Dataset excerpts
* * *

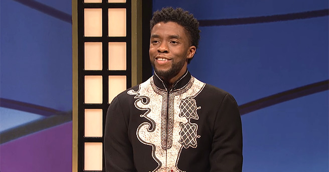 T’Challa/Black Panther (Chadwick Boseman) not only has ruling Wakanda to worry about, but he’s going to be leading the charge into battle against Thanos in the upcoming AVENGERS: INFINITY WAR. However, every king deserves to have some fun now and again, and Boseman got a chance to bring back the king for a round of Black Jeopardy on SNL. He may be capable of saving the day on numerous occasions, but he can’t help but hilariously fail when trying to answer some problems from categories like “Grown Ass,” “Aw Hell Naw,” and “White People.”
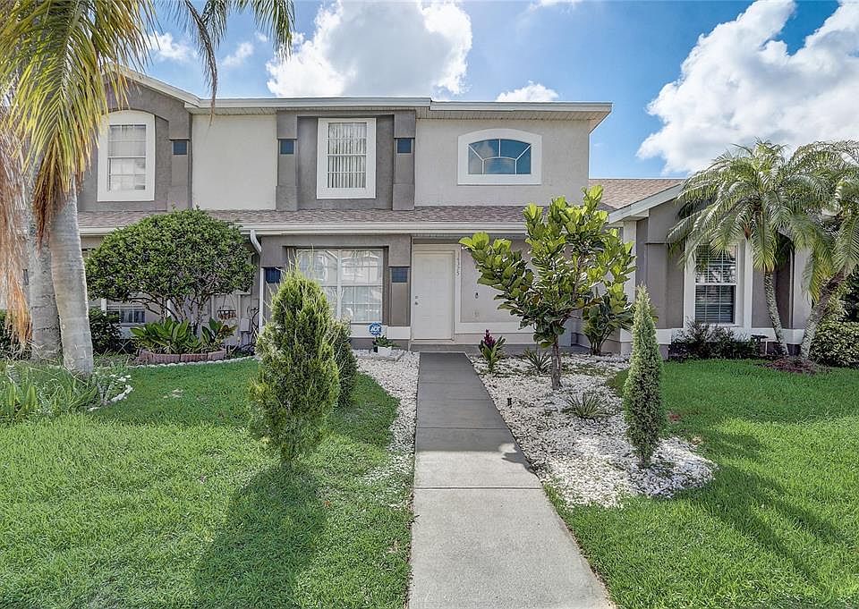 Beautiful two story townhome located in the Island Cove Villas at Meadow Woods. This well, maintaining townhome is perfect for first time home buyer or someone looking for a long term investment property or second home. This 3 bedroom, 2 bath townhouse has the convenience of having the primary bedroom on the first floor. It boasts a walk-in-closet, eating space in the kitchen, all appliances included, ceramic tile floors in all living areas and carpeted bedrooms on the second floor. Enjoy the view of the community pool from the screen enclosed back porch. Updates included: New roof, new water heater, Fresh interior paint, granite kitchen counter, renovated front porch including fresh landscaping, renovated backport. It's convenient located near the airport, 417 Expressway, OBT, John Young Pkwy, 528 toll, Sea World and many stores & theme parks. Tour this home before it is gone! It won't last!
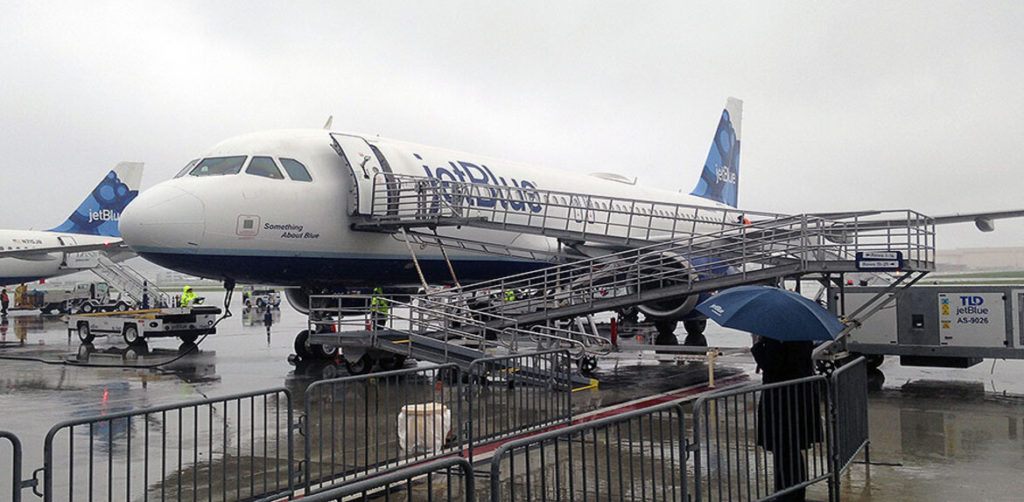 El avión, se disponía a viajar a Puerto Rico desde Nueva York, y mientras retrocedía, golpeó la cola de otro avión de la misma compañía que estaba estacionado y vacío en el aeropuerto internacional John F. Kennedy.
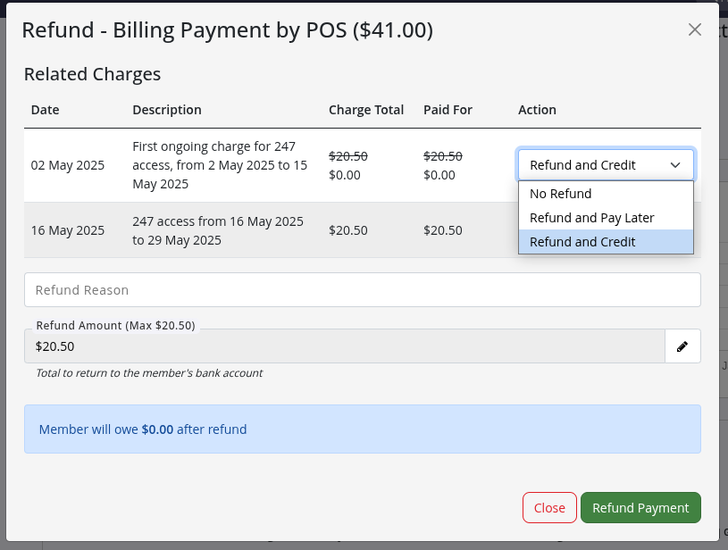 If you’re refunding a manual payment (e.g. cash, EFTPOS), you can do this in the member’s Accounts tab.
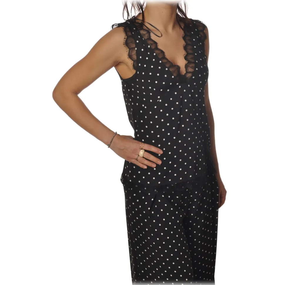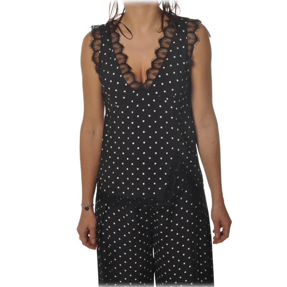 V-neck tank top, with lace borders and slit on the bottom, entirely made in Pois pattern, Pinko.
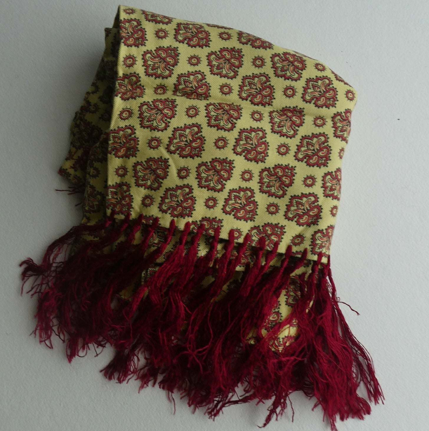 This one has no damage to it. It has a bright yellow ground colour and a red Paisley-style pattern. It has long red fringes at each end.
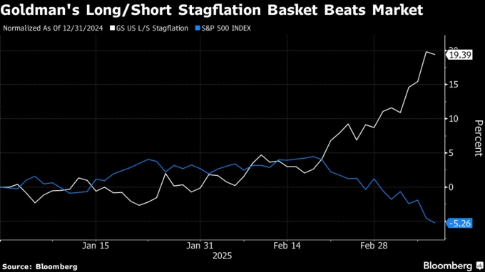 (ブルームバーグ):トランプ米大統領の行きつ戻りつする関税戦争に端を発した米国株急落が3週目に入り、避難先となるような勝利戦略はほとんど見当たらない。しかし、今まさに成功している戦略がある。スタグフレーションに陥る経済の中で成長する銘柄に賭ける取引だ。
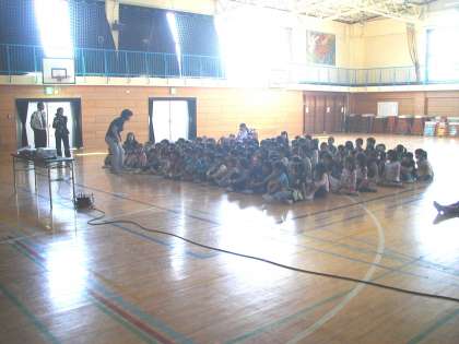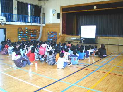 体育館で交通安全教室がありました。警察の方が、動画も交えてわかりやすく説明してくださいました。(4月28日)

* * *

## [Problem to work on]
Starting at the line that contains "If you’re refunding", reproduce exactly and only the lines through the end of the entries above, with the pictures excluded.

## [Exercise answer]
 If you’re refunding a manual payment (e.g. cash, EFTPOS), you can do this in the member’s Accounts tab.
 V-neck tank top, with lace borders and slit on the bottom, entirely made in Pois pattern, Pinko.
 This one has no damage to it. It has a bright yellow ground colour and a red Paisley-style pattern. It has long red fringes at each end.
 (ブルームバーグ):トランプ米大統領の行きつ戻りつする関税戦争に端を発した米国株急落が3週目に入り、避難先となるような勝利戦略はほとんど見当たらない。しかし、今まさに成功している戦略がある。スタグフレーションに陥る経済の中で成長する銘柄に賭ける取引だ。
 体育館で交通安全教室がありました。警察の方が、動画も交えてわかりやすく説明してくださいました。(4月28日)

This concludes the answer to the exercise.